## DATA FOR ANALYSIS
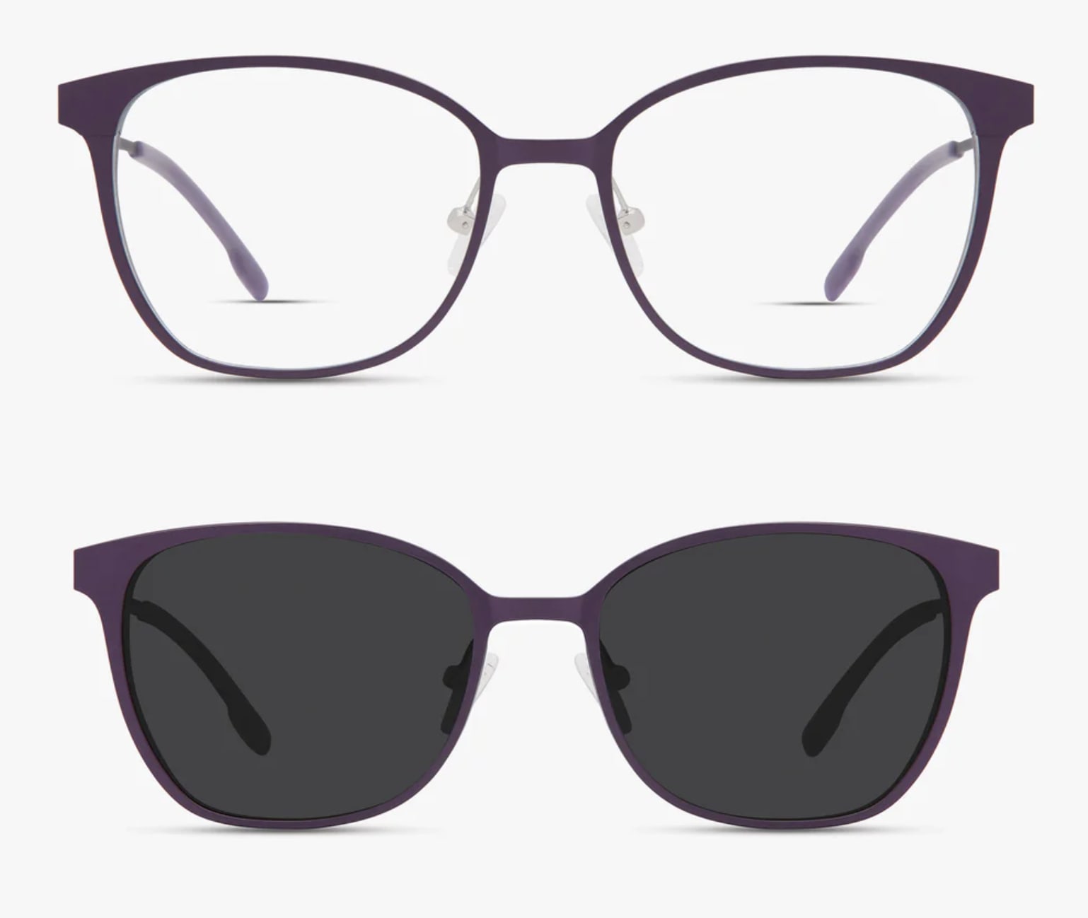 The Beryll is a rounded square optical style crafted from recycled aluminum—available in purple, green, brown, and burgundy with clip-on sun lenses.
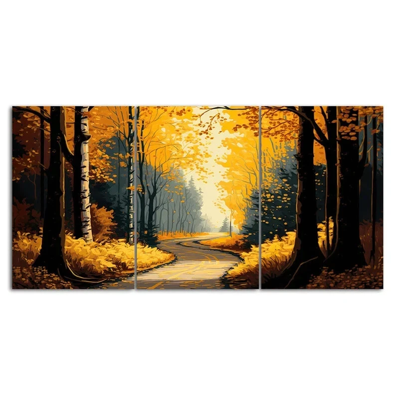 3 Pcs Yellow Forest Pathway Painting Style Canvas Wall Art Unframed Modern Home
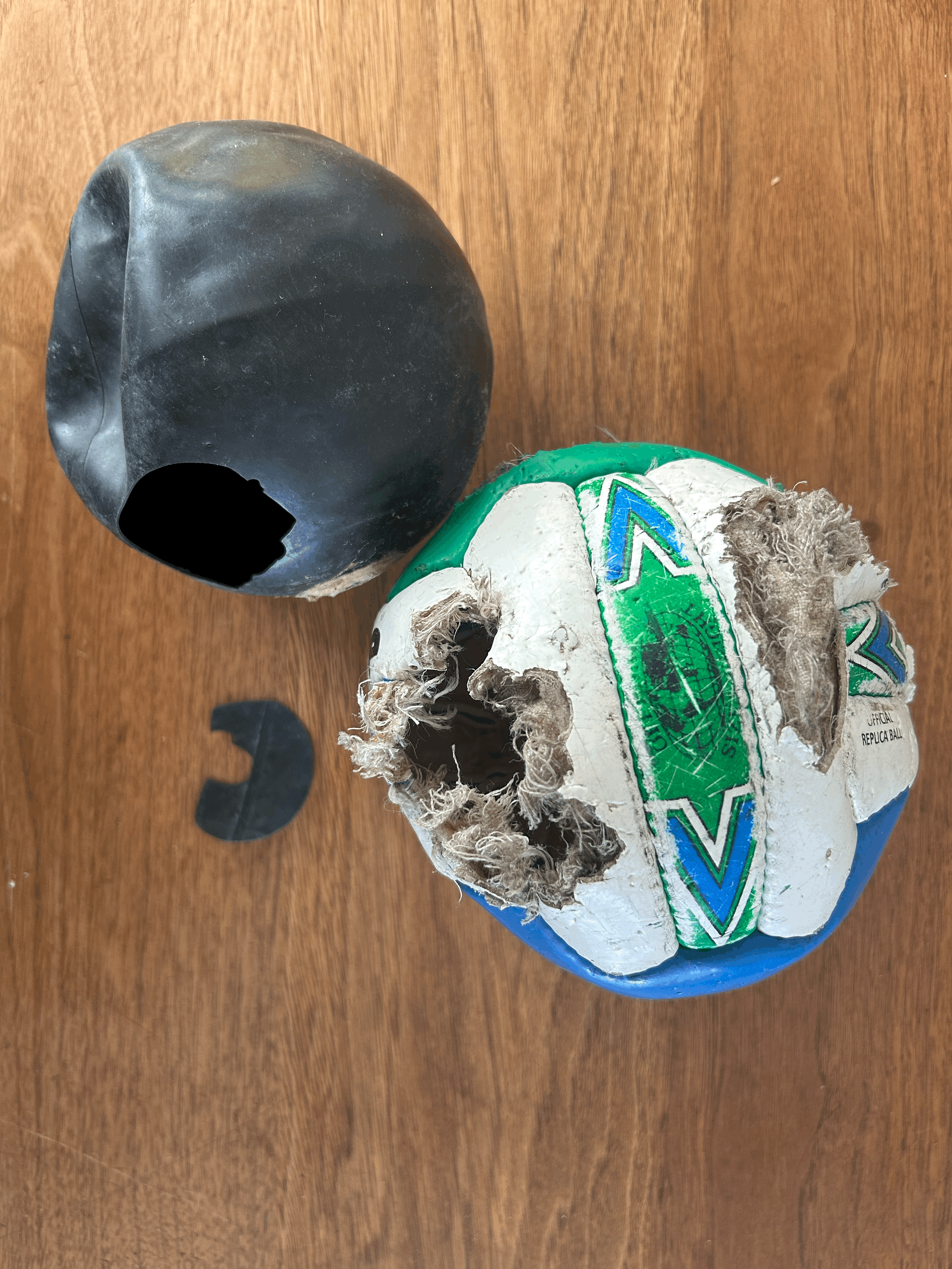 An 8-inch-diameter blue, green and white leatherette soccer ball with gaping holes torn in its exterior, beside a black rubber sphere with a hole torn in it and a shred of rubber next to it - apparently all destroyed by a wild animal - on a wooden table.
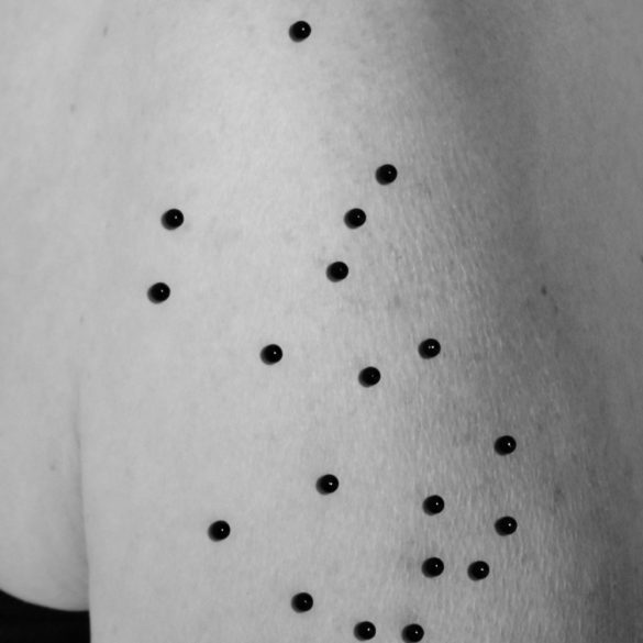 50 alfileres de cabeza negra pinchados en un alfiletero de muñeca. Coger uno a uno esos alfileres y clavarlos sobre mi hombro desnudo, después volver…
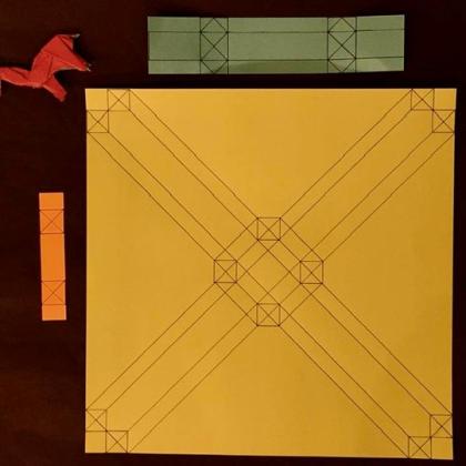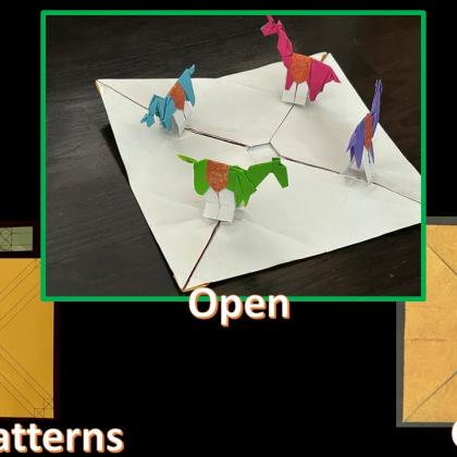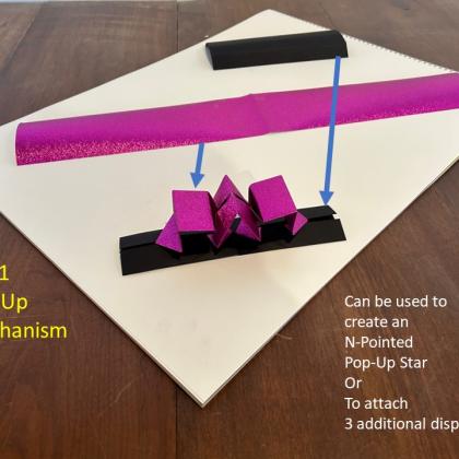 The model displayed opens from each corner allowing to display 4 separate figurative models which can be rocked when the pop-up model is opened. As shown each figurative model is an original model (my design) which can be folded from a square. However, each of these models can be removed and replaced with many different existing models and will work with the designs of other creators without having to modify the existing design.
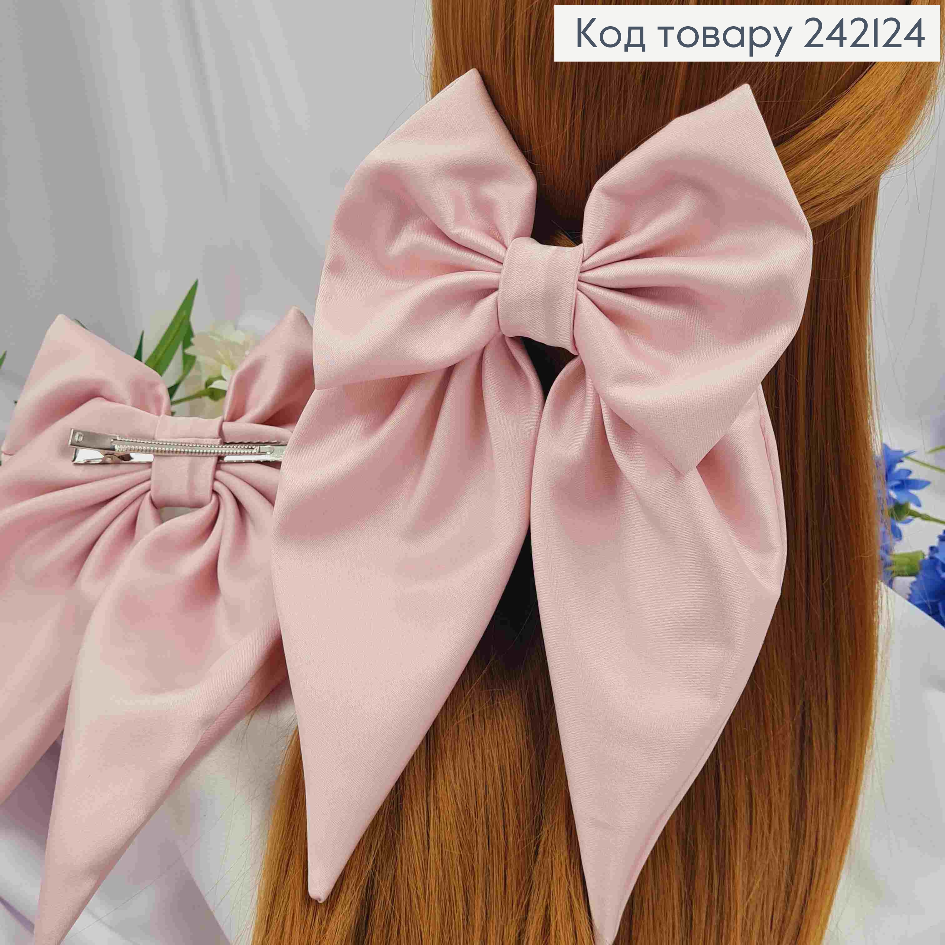 Заколка (7,5см) БАНТ РОЗОВОГО цвета, ткань плотный атлас, размер 13*22см, Украина.
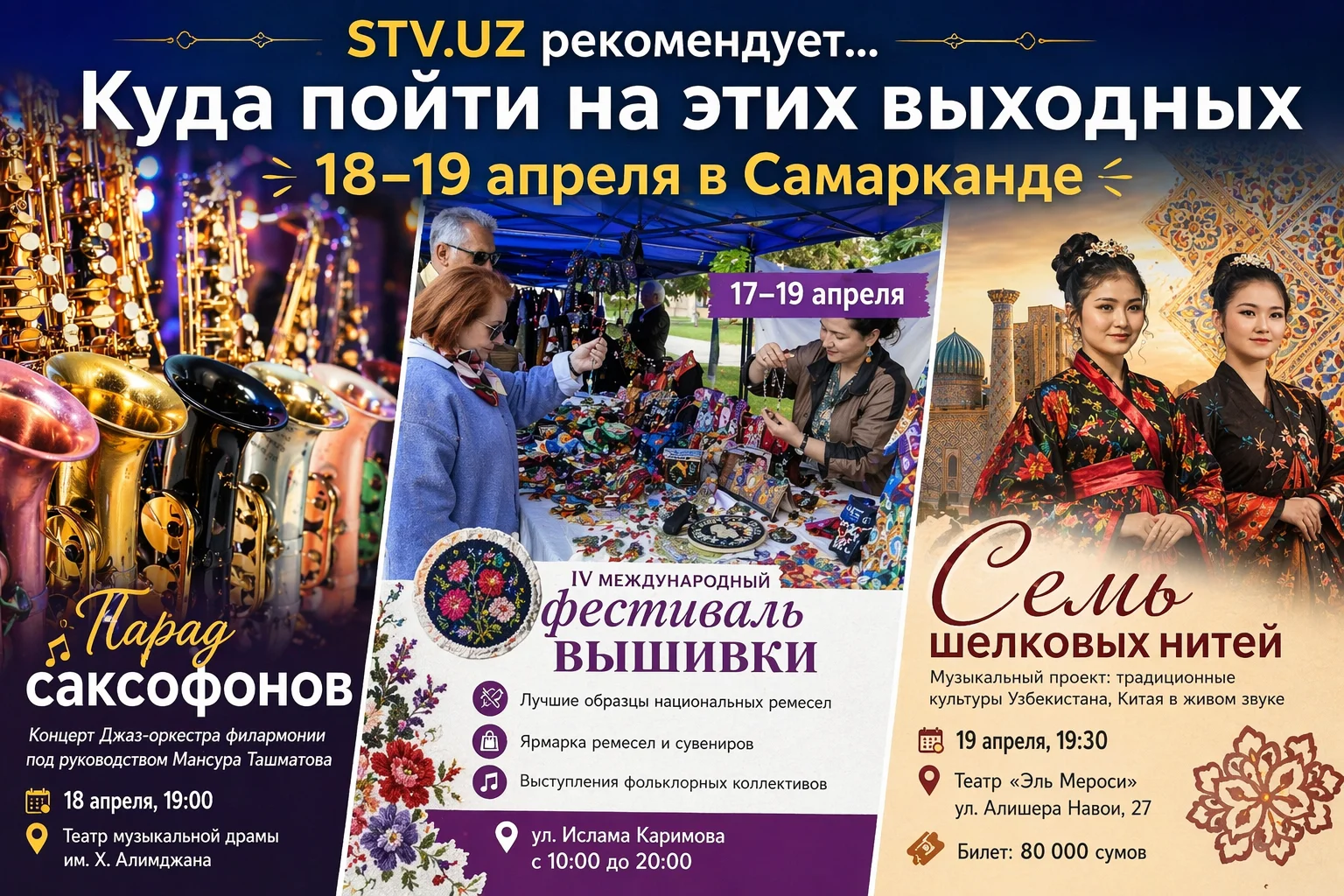 Если вы ещё не решили, чем заняться в ближайшие дни — Самарканд предлагает отличный выбор. Можно окунуться в мир ремесла, провести вечер под саксофон или открыть для себя музыку трёх древних культур. Главное — не сидеть дома.
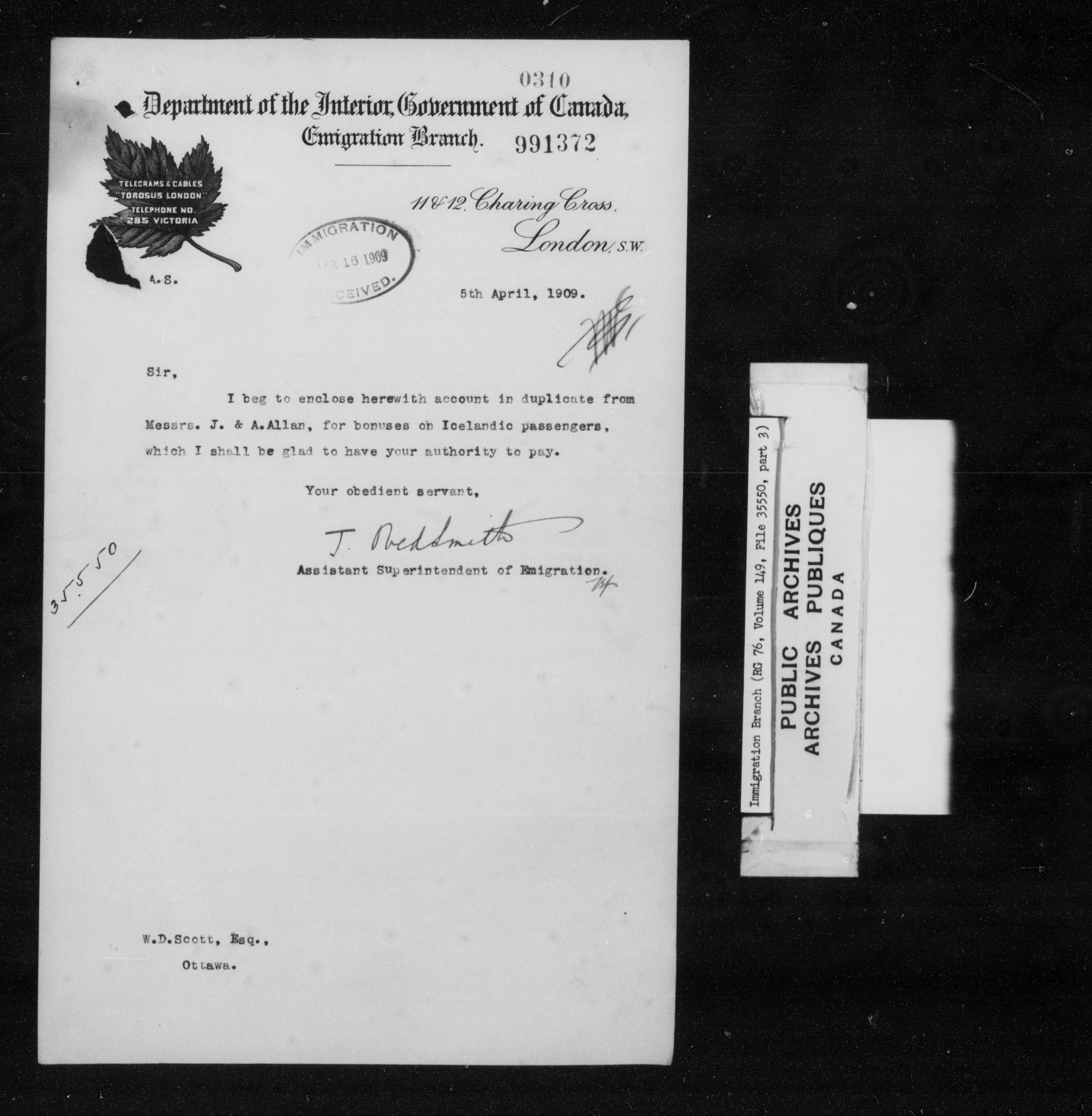Subject, policy and case files in the First Central Registry series of the Immigration Program, 1892-1950 - 7306
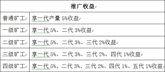 A:上线后只需要推广就行了,推广我们不负责的。就是打广告啊,发帖啊,拉群啊这些。就像组建微信群这种的,都是免费的。说实话前期参加早的都是赚钱的,因为买矿机早,自己的币也多,后期涨了,都赚钱的。这些忠实客户也会帮推拉人的,邀请人送算力,邀请人送小矿机。

## PROMPT
Retype every record as it stands. None of the pictures should appear.

## SOLUTION TO THIS PROBLEM
 The Beryll is a rounded square optical style crafted from recycled aluminum—available in purple, green, brown, and burgundy with clip-on sun lenses.
 3 Pcs Yellow Forest Pathway Painting Style Canvas Wall Art Unframed Modern Home
 An 8-inch-diameter blue, green and white leatherette soccer ball with gaping holes torn in its exterior, beside a black rubber sphere with a hole torn in it and a shred of rubber next to it - apparently all destroyed by a wild animal - on a wooden table.
 50 alfileres de cabeza negra pinchados en un alfiletero de muñeca. Coger uno a uno esos alfileres y clavarlos sobre mi hombro desnudo, después volver…
 The model displayed opens from each corner allowing to display 4 separate figurative models which can be rocked when the pop-up model is opened. As shown each figurative model is an original model (my design) which can be folded from a square. However, each of these models can be removed and replaced with many different existing models and will work with the designs of other creators without having to modify the existing design.
 Заколка (7,5см) БАНТ РОЗОВОГО цвета, ткань плотный атлас, размер 13*22см, Украина.
 Если вы ещё не решили, чем заняться в ближайшие дни — Самарканд предлагает отличный выбор. Можно окунуться в мир ремесла, провести вечер под саксофон или открыть для себя музыку трёх древних культур. Главное — не сидеть дома.
Subject, policy and case files in the First Central Registry series of the Immigration Program, 1892-1950 - 7306
 A:上线后只需要推广就行了,推广我们不负责的。就是打广告啊,发帖啊,拉群啊这些。就像组建微信群这种的,都是免费的。说实话前期参加早的都是赚钱的,因为买矿机早,自己的币也多,后期涨了,都赚钱的。这些忠实客户也会帮推拉人的,邀请人送算力,邀请人送小矿机。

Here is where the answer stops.